Stored records =>

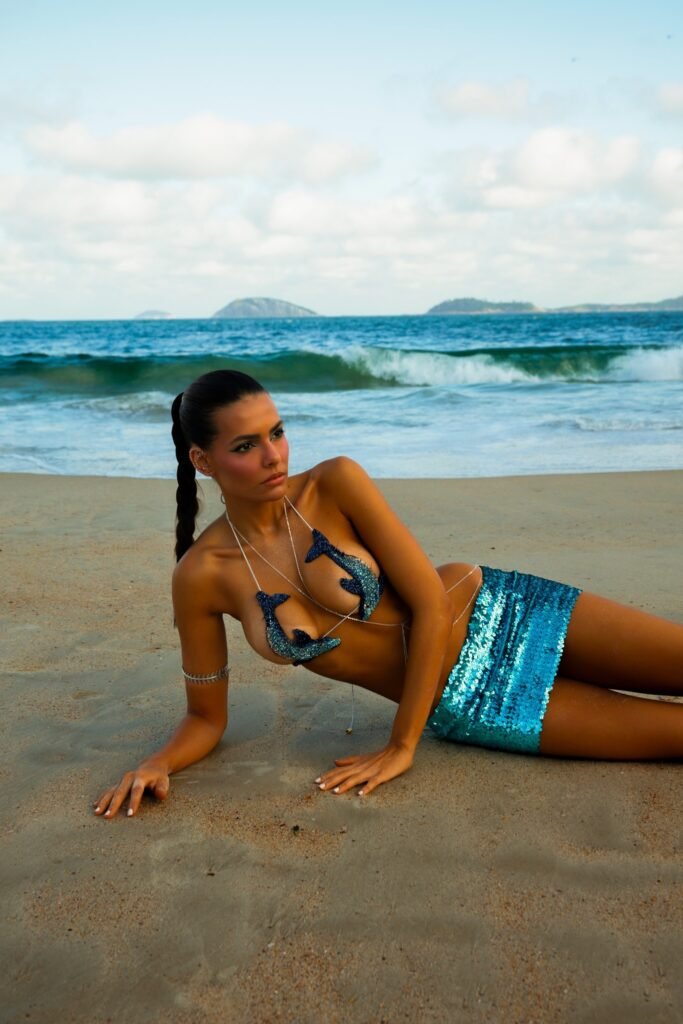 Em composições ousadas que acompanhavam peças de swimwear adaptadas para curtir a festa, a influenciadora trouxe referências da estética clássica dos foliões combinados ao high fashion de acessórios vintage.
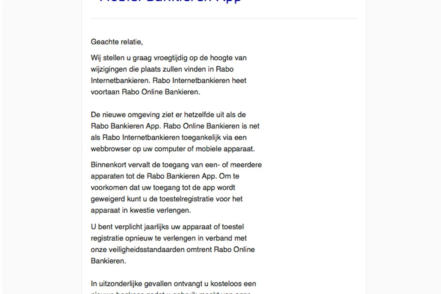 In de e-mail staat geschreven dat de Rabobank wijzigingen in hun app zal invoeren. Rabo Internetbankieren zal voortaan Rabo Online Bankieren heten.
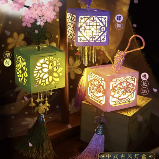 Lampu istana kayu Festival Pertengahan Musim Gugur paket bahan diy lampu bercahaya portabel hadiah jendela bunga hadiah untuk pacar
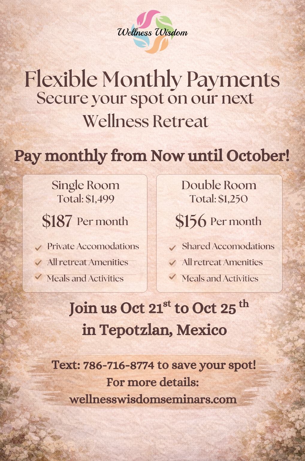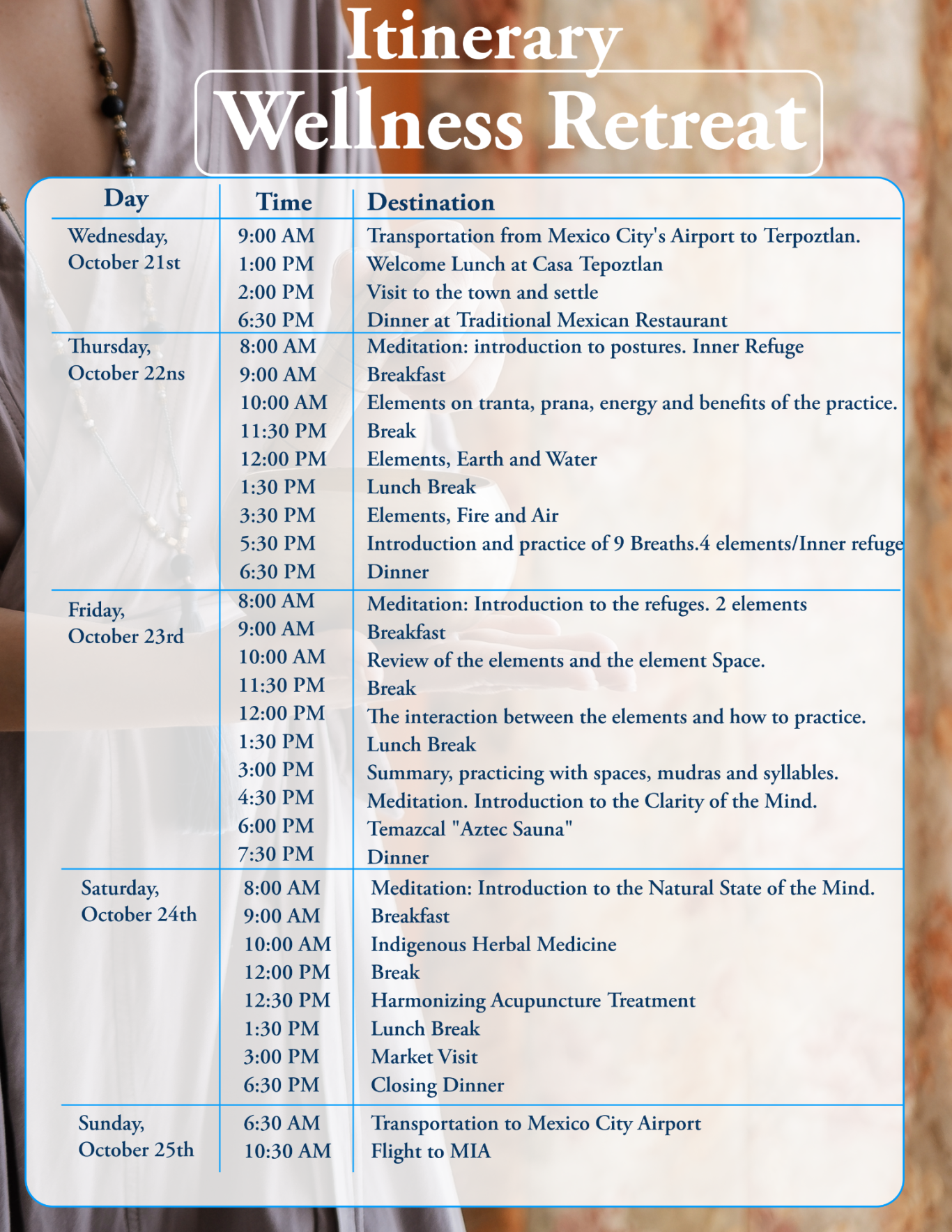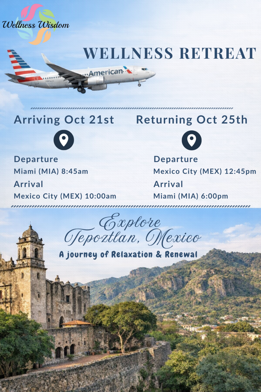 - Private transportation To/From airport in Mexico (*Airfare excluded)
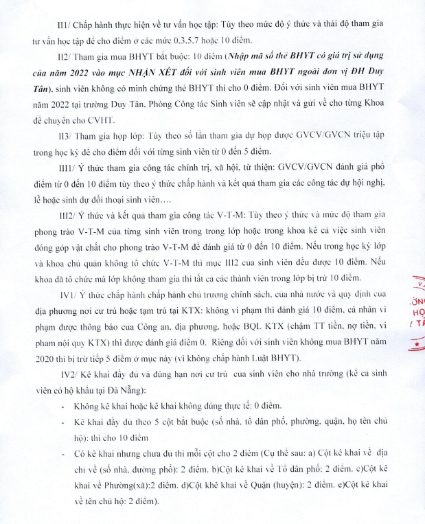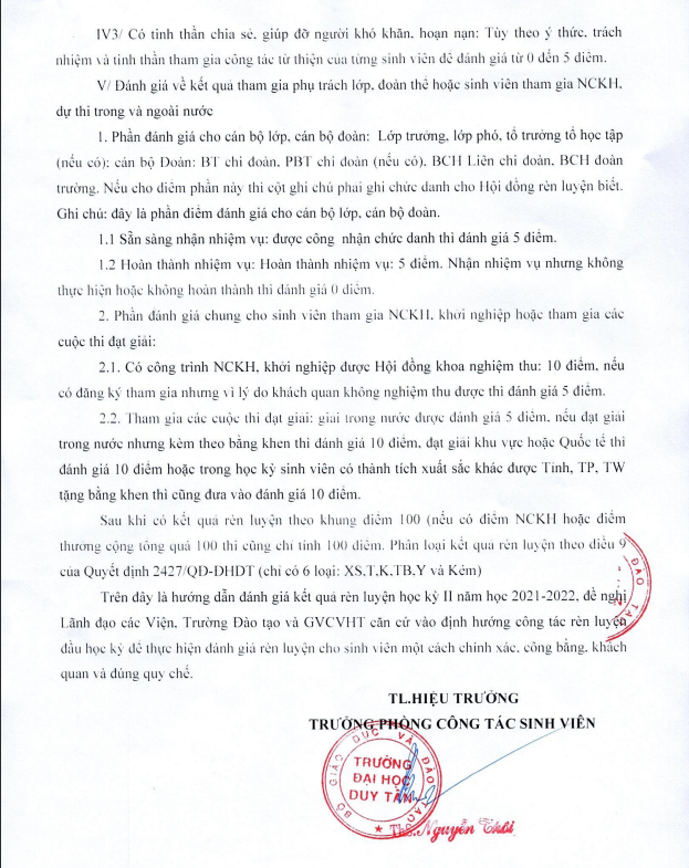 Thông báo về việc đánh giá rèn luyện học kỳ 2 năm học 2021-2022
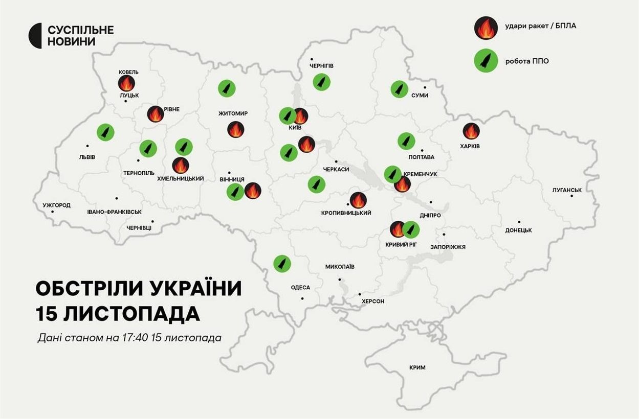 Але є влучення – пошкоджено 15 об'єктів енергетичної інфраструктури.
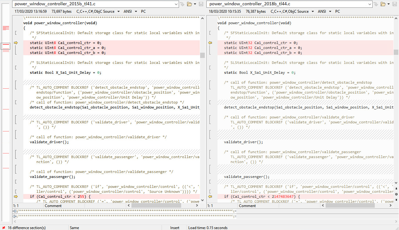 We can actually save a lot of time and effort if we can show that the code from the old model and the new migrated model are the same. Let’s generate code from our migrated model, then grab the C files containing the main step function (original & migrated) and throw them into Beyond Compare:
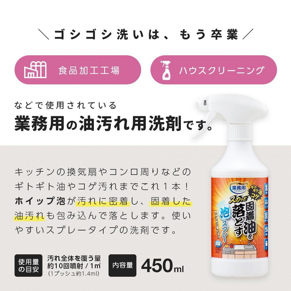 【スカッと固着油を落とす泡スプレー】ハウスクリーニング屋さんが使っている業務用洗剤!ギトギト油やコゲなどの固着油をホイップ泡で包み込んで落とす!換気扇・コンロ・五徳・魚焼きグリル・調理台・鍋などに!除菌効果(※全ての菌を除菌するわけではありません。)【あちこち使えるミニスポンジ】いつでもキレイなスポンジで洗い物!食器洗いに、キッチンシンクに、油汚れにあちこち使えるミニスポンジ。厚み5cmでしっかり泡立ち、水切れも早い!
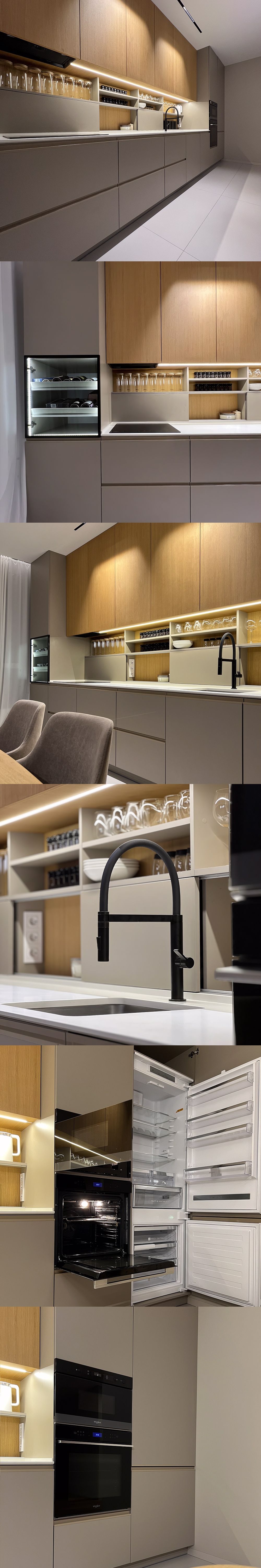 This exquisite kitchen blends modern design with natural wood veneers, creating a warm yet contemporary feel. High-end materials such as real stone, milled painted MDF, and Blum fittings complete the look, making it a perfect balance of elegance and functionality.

EXERCISE DESCRIPTION => Only the records are wanted, copied exactly, with the pictures dropped.

ANSWER SECTION =>
 Em composições ousadas que acompanhavam peças de swimwear adaptadas para curtir a festa, a influenciadora trouxe referências da estética clássica dos foliões combinados ao high fashion de acessórios vintage.
 In de e-mail staat geschreven dat de Rabobank wijzigingen in hun app zal invoeren. Rabo Internetbankieren zal voortaan Rabo Online Bankieren heten.
 Lampu istana kayu Festival Pertengahan Musim Gugur paket bahan diy lampu bercahaya portabel hadiah jendela bunga hadiah untuk pacar
 - Private transportation To/From airport in Mexico (*Airfare excluded)
 Thông báo về việc đánh giá rèn luyện học kỳ 2 năm học 2021-2022
 Але є влучення – пошкоджено 15 об'єктів енергетичної інфраструктури.
 We can actually save a lot of time and effort if we can show that the code from the old model and the new migrated model are the same. Let’s generate code from our migrated model, then grab the C files containing the main step function (original & migrated) and throw them into Beyond Compare:
 【スカッと固着油を落とす泡スプレー】ハウスクリーニング屋さんが使っている業務用洗剤!ギトギト油やコゲなどの固着油をホイップ泡で包み込んで落とす!換気扇・コンロ・五徳・魚焼きグリル・調理台・鍋などに!除菌効果(※全ての菌を除菌するわけではありません。)【あちこち使えるミニスポンジ】いつでもキレイなスポンジで洗い物!食器洗いに、キッチンシンクに、油汚れにあちこち使えるミニスポンジ。厚み5cmでしっかり泡立ち、水切れも早い!
 This exquisite kitchen blends modern design with natural wood veneers, creating a warm yet contemporary feel. High-end materials such as real stone, milled painted MDF, and Blum fittings complete the look, making it a perfect balance of elegance and functionality.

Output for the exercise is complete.